About a year ago, on 19 November 2013, Minister of Transport Dipuo Peters announced that the e-tolls ‘on-again-off-again’ confusion would finally be over and the scheme would eventually be launched on 3 December 2013. It was the day that marked the beginning of the end of a fiasco which should never have happened in the first place.
Following Outa’s successful interdict of the scheme’s launch on 30 April 2012, the protracted legal battle to halt the launch of e-tolling was set aside on a technicality of administration law in September 2013. The Supreme Court could not condone the lateness of the application, and as much as we wanted to have our arguments on the unlawfulness of the e-toll scheme heard, the SCA could not allow it.
Essentially, these arguments were set aside for the day a motoring citizen would be summonsed by the prosecuting authorities to explain their non-payment of e-toll bills.
The Outa committee met shortly after the SCA decision to decide its future. Do we pack up and go home, or do we play a new role within the space of civil action? Our decision to continue the fight was based on the overwhelming evidence and research gathered since 2010 on the Gauteng e-toll scheme and others schemes around the world.
We had enough information and insight to argue not only the unlawfulness of the Gauteng e-toll scheme, but also the extent of its irrationality and gross inefficiency which would make it virtually unworkable. These factors would ensure its ultimate demise – we had no option but to stay on course.
We also knew that in the absence of civil society’s ability to keep Sanral honest, it might just manage to hoodwink, coerce, intimidate, and threaten enough people to participate in the scheme. This, in turn, might have lead to e-tag compliance levels high enough to satisfy the authorities with some degree of success.
Our research showed e-tag compliance below 85% was not sustainable over time. We also knew that Sanral would have deemed a compliance level of 70% as being a great success.
As it turned out, society’s courage to defy the unjust system resulted in a peak compliance rate around the 40% mark, some seven months after it was launched. Outa believes that much of its work to counter Sanral’s multi-million rand e-toll marketing and propaganda campaign played a role in empowering society with the knowledge to remain defiant at such a high level.
At first, shortly after the scheme was turned on, Outa received many messages of condolences for our failed attempt to halt the scheme. People seriously thought the fight was over, purely because the e-toll system was now switched on. We knew we had our work cut out for us to convince the public that just because the purple lights were burning, it didn’t necessarily mean that the users were paying.

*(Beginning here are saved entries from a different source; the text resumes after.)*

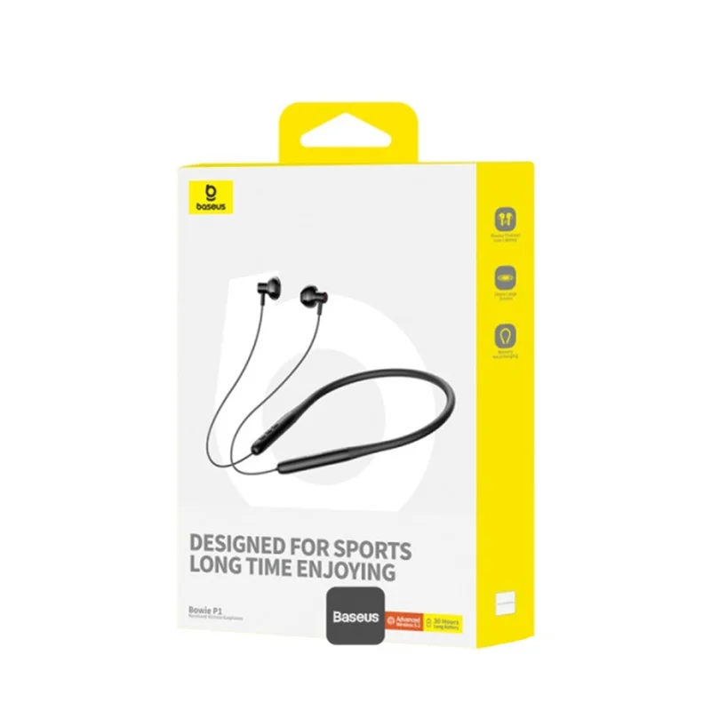 قسمت پشتی سری هندزفری گردنی بیسوس P1 Bowie مگنتی می باشد؛ این قابلیت باعث می شود در هنگامی که از هندفری استفاده نمی کنید آن ها را به هم متصل کرده که هم از افتادن آن جلوگیری شود و هم در هنگام راه رفتن سری ها به هم برخورد نکرده و جابجا نشوند. سری این هندزفری به صورتی طراحی شده که به راحتی داخل گوش قرار بگیرد و نگران افتادن آنها از گوشتان نباشید. بین دو سری هم یک کابل قرار دارد که دور گردن قرار میگیرد و از افتادن هندزفری جلوگیری میکند. پنل کنترل موزیک نیز روی این کابل تعبیه شده است.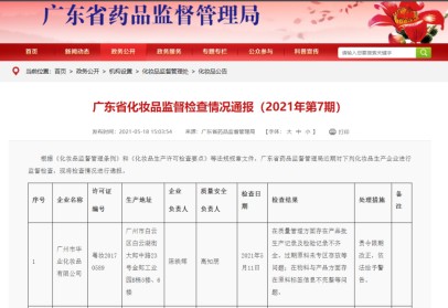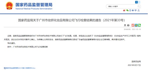 2021年5月18日,国家药监局发布关于广州市妆妍化妆品有限公司飞行检查结果的通告(2021年第33号)。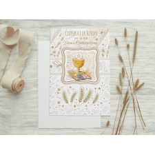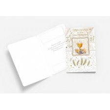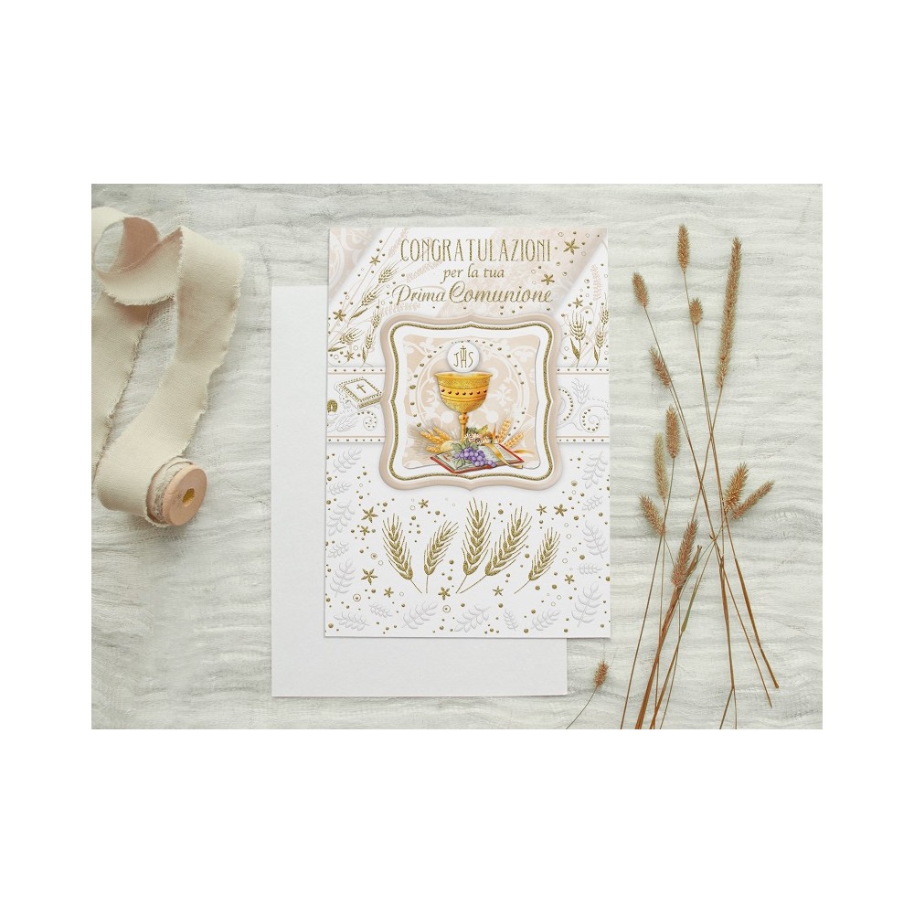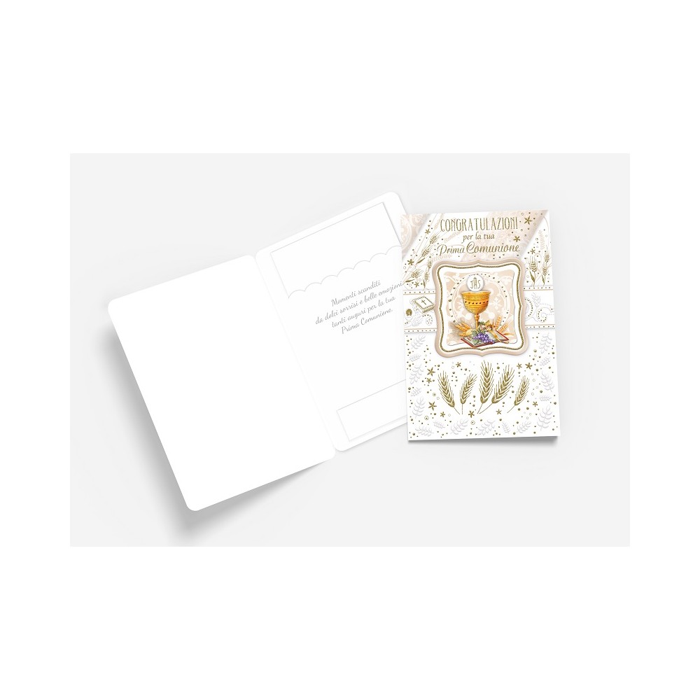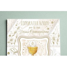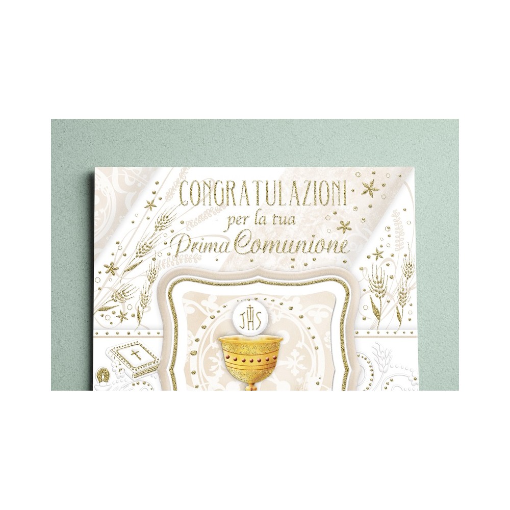Ideale accessorio di cartoleria confezionato singolarmente da utilizzare nel giorno della Prima Comunione di un famigliare, un amico o un collega, il prodotto, in cartoncino biodegradabile e completamente Made in Italy, viene presentato con una stampa serigrafica in rilievo con scritto "Congratulazioni per la tua Prima Comunione" e all'interno del biglietto, sarà perfetto personalizzare il tutto andando a scrivere il nome dei festeggiati di fianco al messaggio di auguri "Momenti scanditi da dolci sorrisi e belle emozioni, tanti auguri per la tua Prima Comunione". Ideale oggetto prodotto artigianalmente da abbinare eventualmente ad un regalo o a un mazzo di fiori.

Our tactics exposed Sanral’s misinformation on the e-tag sales. We counted e-tags on windscreens at freeway off-ramps and in parking lots and extrapolated our findings to denounce Sanral’s grossly inflated numbers.
We asked politicians to seek clarity with regards to these numbers from the Minister of Transport in parliament, and our research was vindicated as being accurate to within 1%, despite Sanral’s attempts to play down our findings.

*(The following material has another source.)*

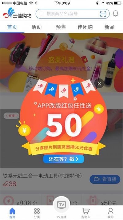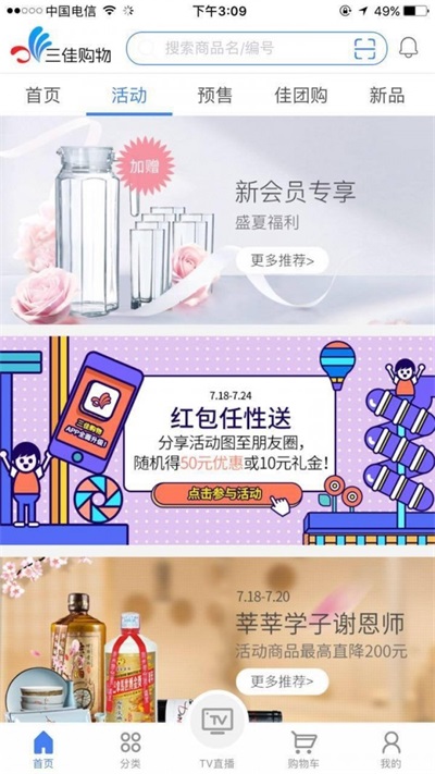 3.三佳购物app上没有任何的广告,让大家有着更加纯净的购物体验。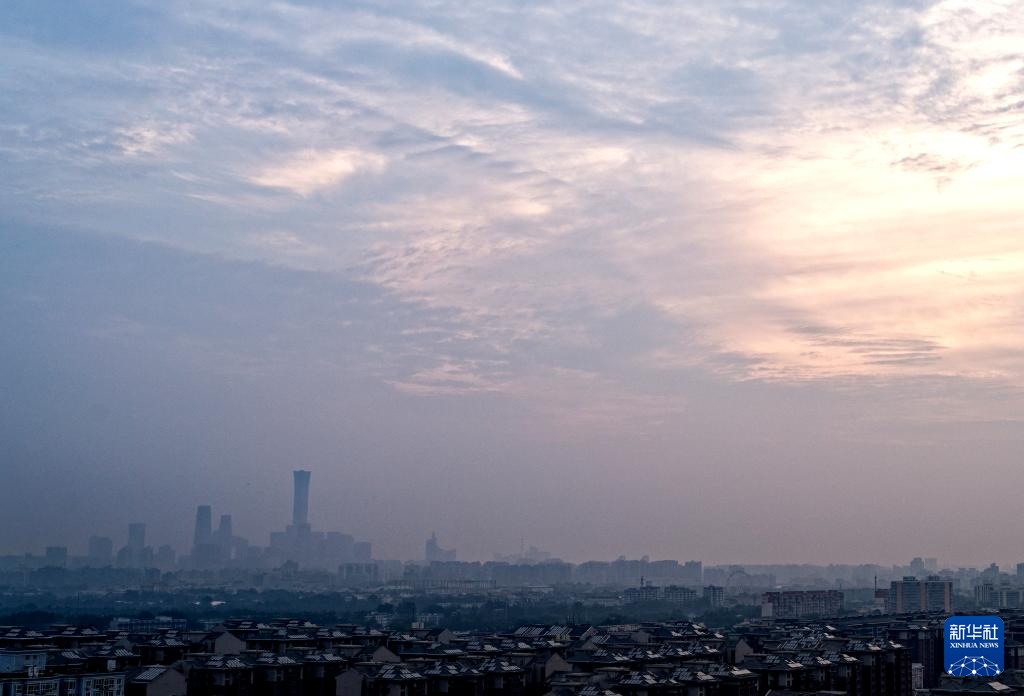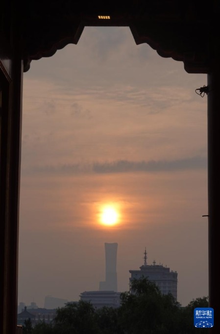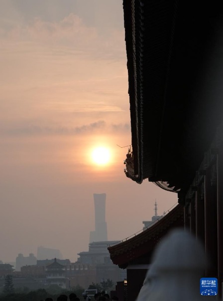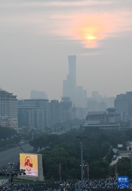 9月3日在天安門城樓上拍攝的北京的清晨。

Together with Cosatu, the faith-based organisations, and other civil action entities, our messages of civil courage began to sink in. We attended every media inquiry and provided input which saw the Advertising Standards Authority rule against Sanral’s misleading advertisements in mid 2014.

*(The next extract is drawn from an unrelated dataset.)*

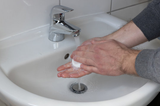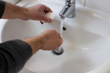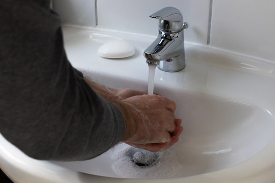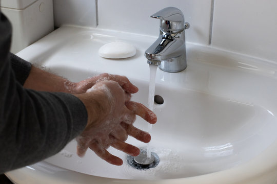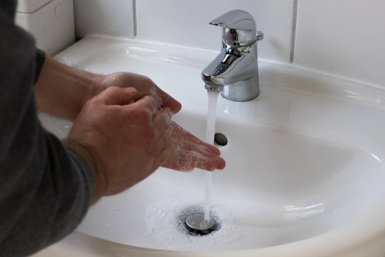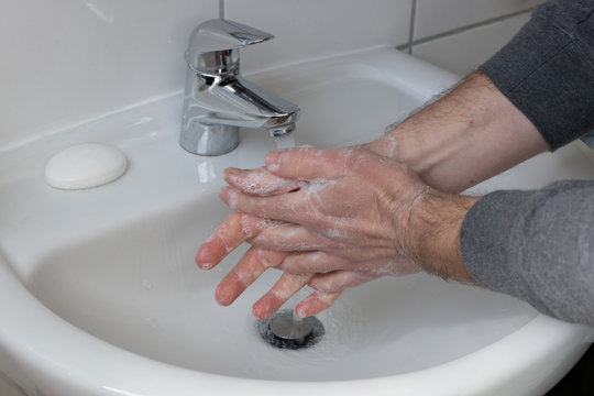 Detail of a Young male washing his Hands with Soap under running water in order to reduce infection Risk during corona Virus pandemic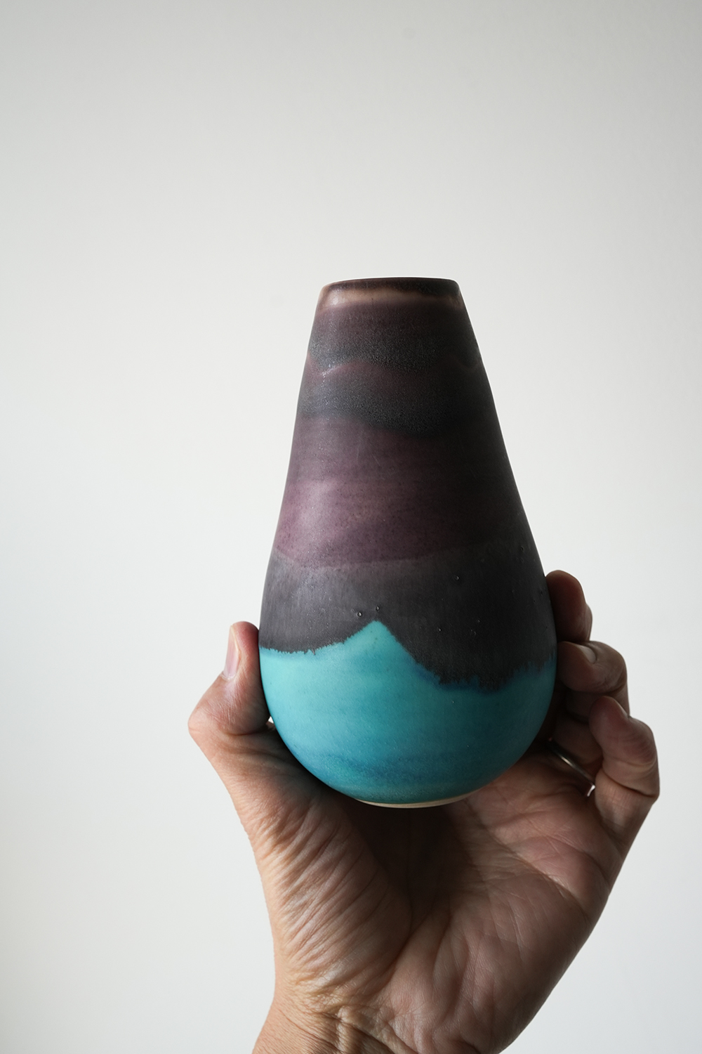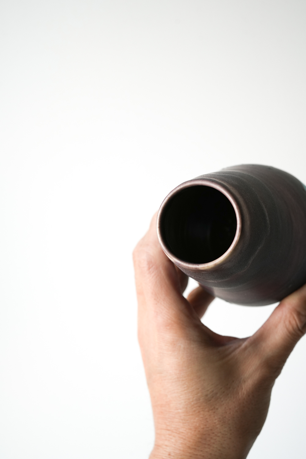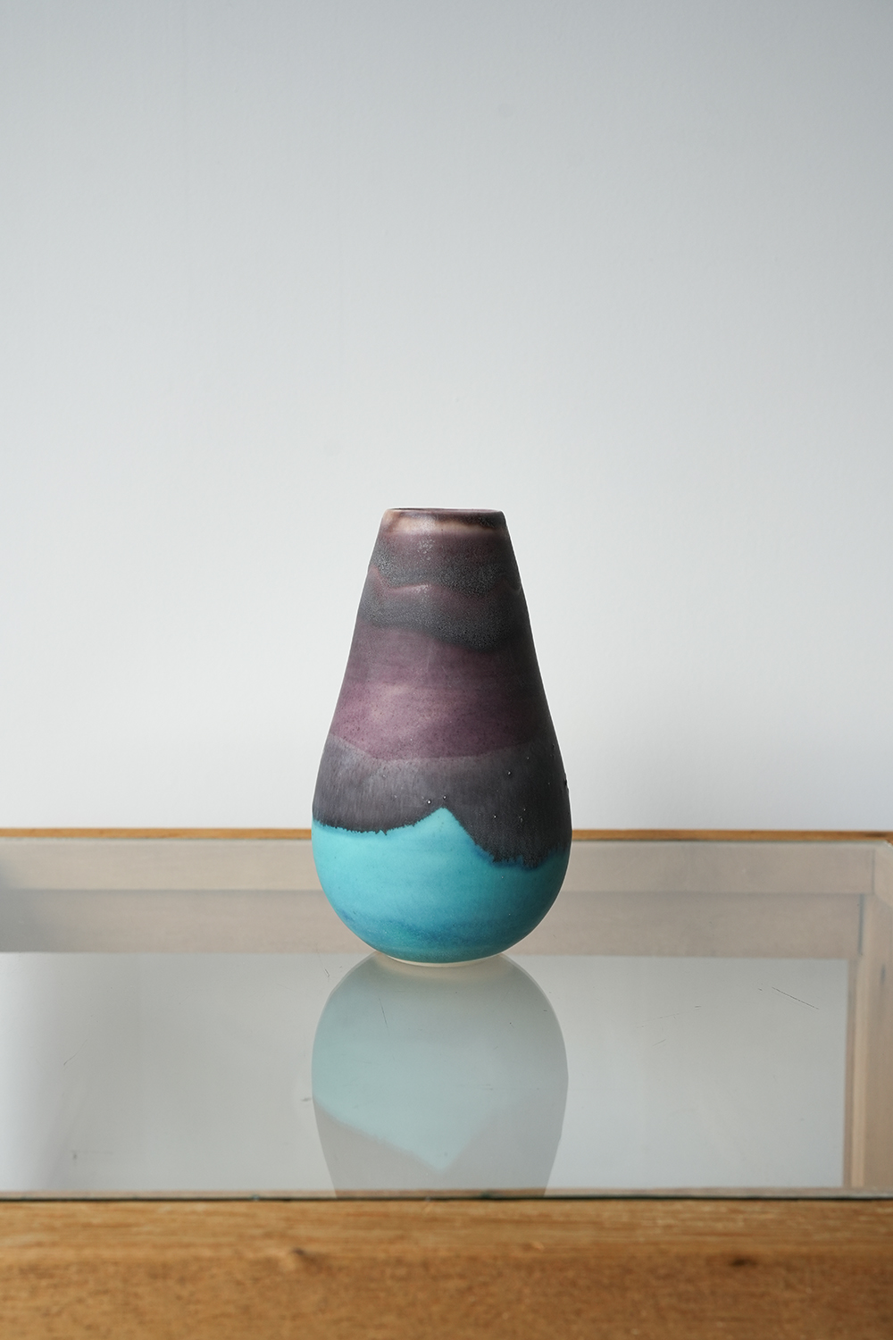 花器 薄茶紫水色釉

Our viral messages and video clips, along with a concerted social media drive, gained traction and the e-toll scheme remained one wherein more users refused to pay than those who did.
By mid-winter Sanral’s final card to prosecute motorists for non-payment was about to be played. Outa’s committee met its legal advisors and agreed on a plan to support and fight the prosecution process, if indeed it ever came to be.
Following the Gauteng ANC’s decline at the May elections and Premier Makhura’s recent announcement of an e-toll advisory panel, Minister Peters wisely decided to halt Sanral’s plans of e-toll prosecution at the end of June 2014. A crisis of legitimacy for the e-toll policy was now a reality.
Today, the ANC in Gauteng has denounced the scheme, as has the ANCYL, SALGA. and virtually every business and civil society organisation which made presentations to the Gauteng e-Toll Advisory Panel. It appears that 11 months after the scheme was given the green light, it is now collapsing at a rapid rate – with the e-tag compliance rate declining toward the 30% level and close on two billion rands worth of e-toll bills outstanding.
Thanks to the foolish e-toll decision and Sanral’s blinded arrogance, society is now wiser to the extent of its power. It is just a matter of time before the decision to turn off the e-toll farce, one that ought never to have happened in the first place, is taken.